Как можно переживать чувственно серп и молот?

– Я предлагаю заменить его на слово "образ", потому что символ ближе к знаку, а знак означает только то, что он обозначает. Образ многозначен, он нескончаем, он дает массу ассоциаций, дает широту зрения. То есть, по сути, это тот случай, когда мы на тайну жизни отвечаем своей тайной, тайной искусства. Образ – тайна, потому что символ, в моём понимании, это некая разгадка. И самое главное, что образ всегда чувственный, и его можно переживать. Символ переживать нельзя. Ну, как можно переживать чувственно серп и молот, например? Никак нельзя.
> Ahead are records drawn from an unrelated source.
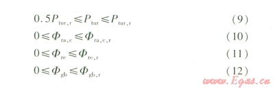 約束條件主要包括設備性能約束、設備負荷率約束、能流平衡約束條件。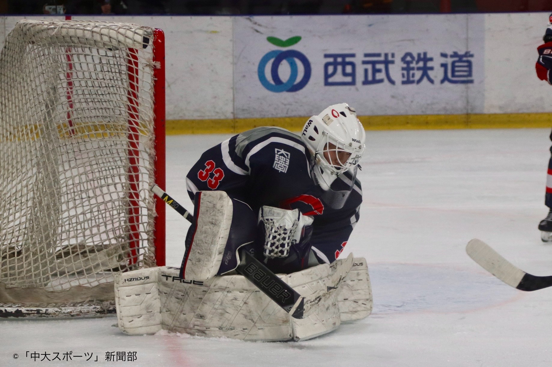 東洋大の反撃には川合が立ちふさがる。絶好調の川合は幾度となくセーブし追随を許さない。中大は1点のリードを奪って、第2ピリオドを終えた。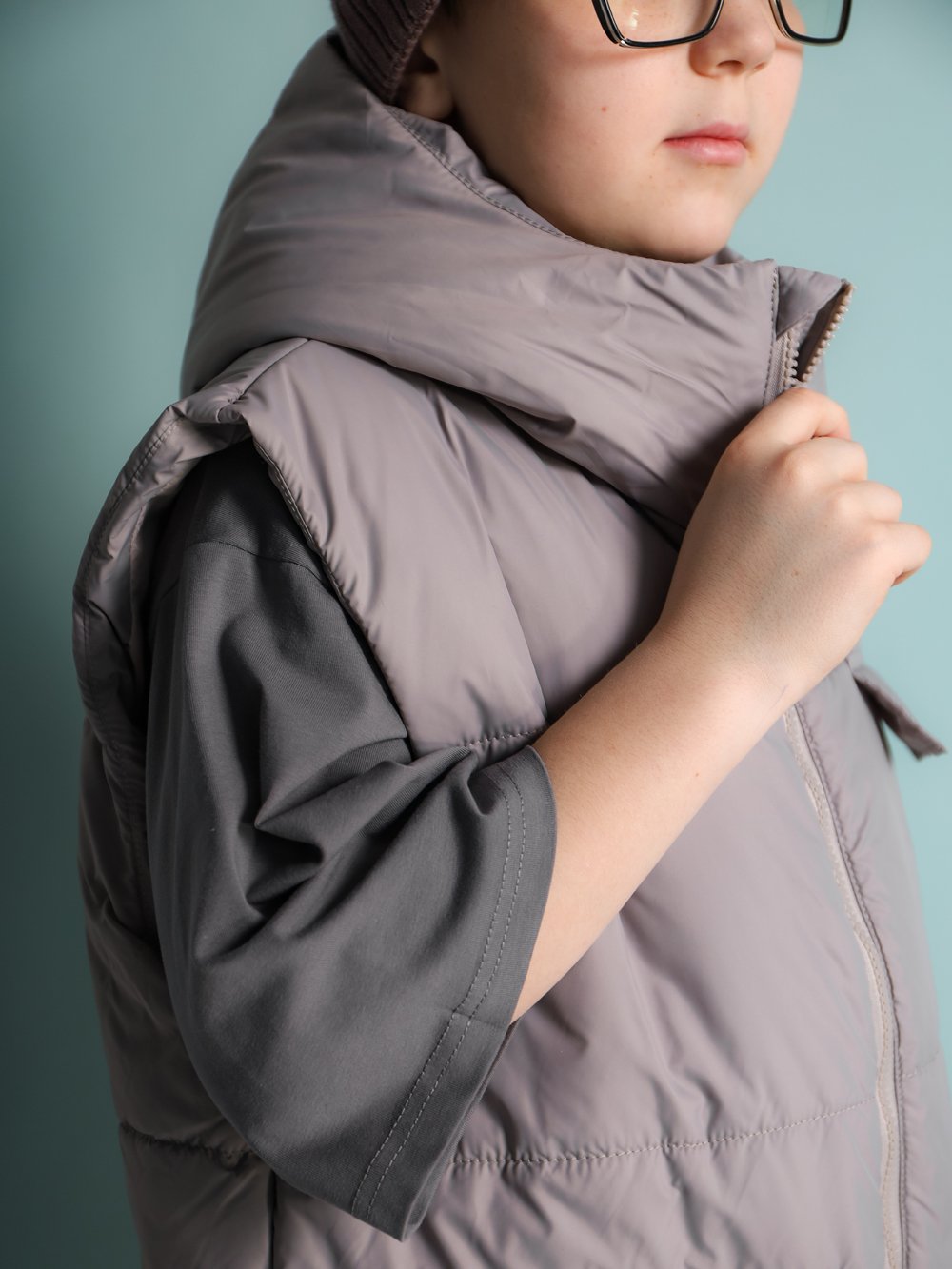Жилет свободного силуэта с горизонтальной стежкой. Застежка на тракторную молнию с внутренним ветрозащитным пластроном. Спереди два накладных кармана (вход сбоку и сверху) с клапаном на магнитной кнопке. Имитация кармана на груди. Капюшон втачной с цельнокроеной стойкой.

– Вы пришли в кинематограф в замечательное время: финал перестройки, когда рухнула цензура, когда все экспериментировали, искали пути отхода от социалистического реализма. Тогда, наверное, у вас была эйфория, особенно учитывая, что ваш студенческий фильм взяли на Каннский фестиваль. Как вы смотрите на это время сейчас? Что в вашем представлении о нём изменилось за эти 30 лет?

– В советскую эпоху мы находились под идеологическим прессингом. У нас не было свободы в этом отношении, но как-то все выкручивались. А потом наступила другая эпоха, эпоха прессинга денег. И сейчас, конечно же, это то, что ограничивает свободу. Ты вынужден каким-то образом с этим считаться или обманывать продюсеров, что фильм может иметь кассовый успех. Я этого никогда не делал. Я сразу говорил продюсерам о том, что если вы даете деньги на фильм, вы должны оценить, насколько это может быть для вас прибыльно, потому что я не хочу вас обманывать. Мне повезло в каком-то смысле, что я жил между двумя эпохами этих прессингов: идеологического и финансового. Теперь на Западе появляется новый идеологический прессинг, потому что сейчас невозможно подать фильм на рассмотрение фонда, если ты не учитываешь некую приоритетную тему: гендерное равенство или что-то такое. Это идеологический прессинг, только другого сорта.

– Вашим первым продюсером был Александр Роднянский, с ним вы делали "Жозефину". Сейчас он враг народа в России, даже осужденный заочно.

– Что нас опять сближает.

– Вы убеждали его, что фильм будет иметь коммерческий успех?

– Нет, тогда это было и творческой, и дружеской эйфорией. Это был его добровольный выбор. Я был очень рад, что он присоединился к этой работе, потому что мы начинали государственную продукцию, потом он влился с немецкими деньгами.

Мы с ним тогда поехали в Роттердам, и он приложил массу усилий для того, чтобы фильм прозвучал. Ну, другое дело, что ему хотелось экспериментировать в разных направлениях, поэтому наши пути немножко разошлись.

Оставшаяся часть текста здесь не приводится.